Other comments could be heard like, "Shhhh, stay seated, he's doing something, and when he's done it will be wickedly fantastic." I knew everyone was getting bored, so I quickened my pace, continuing to hide the rope from the crowd. I spun and tied and spun and tied and tied and spun and everyone was still trying to figure out exactly what I was doing. Then I jumped from my chair and yelled, "Tada! Behold, I have given you the first triple monkey fist dolly knot ever to be tied in front of a live audience! Thank you! Thank you! You are all very lucky to have witnessed this... thank you for coming! HONK HONK!"
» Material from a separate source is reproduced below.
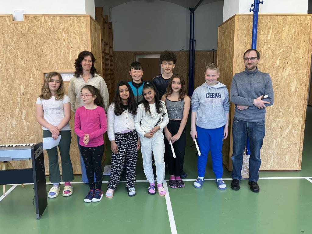V pondělí 14. 4. 2025 jsme se všichni potěšili krásným uměleckým zážitkem, který nám darovali žáci a žákyně naší školy, již navštěvují výuku hry na flétnu v SZUŠ Natanael působící na naší škole. Poslechli jsme si několik skladeb s doprovodem klavíru. Byli jsme velice mile překvapeni, jak moc se naši malí umělci zlepšili a jaký udělali pokrok. Těšíme se na další koncert na konci školního roku.

The audience loudly booed and hissed, and I was yanked off the stage by a group of Nimmo mimes. I gave the audience a big smile, but they threw rubbish onto the stage. Then, just as I was placed in a barrel and rolled down a hill, it came to me: "It wasn't my act. It was the fact that rope was too small, so they didn't realise that the level of knotmanship was extremely high. For all they knew it was only a second-rate knot. Next time I will use a larger piece of rope, and that will definitely make them laugh."
He's heard them all: "Hey Chia Clown, your feet are so big you could stomp out a forest
fire!" and "Hahaha, those aren't shoes on his feet... those are the boxes they came in."
He's been teased, chased, poked and laughed at, not to mention a few tomatoes and rotten neggs
thrown his way. But, ladies and gentlemen, this is the wonderful world of the Chia Clown,
population: one lonely little prankster.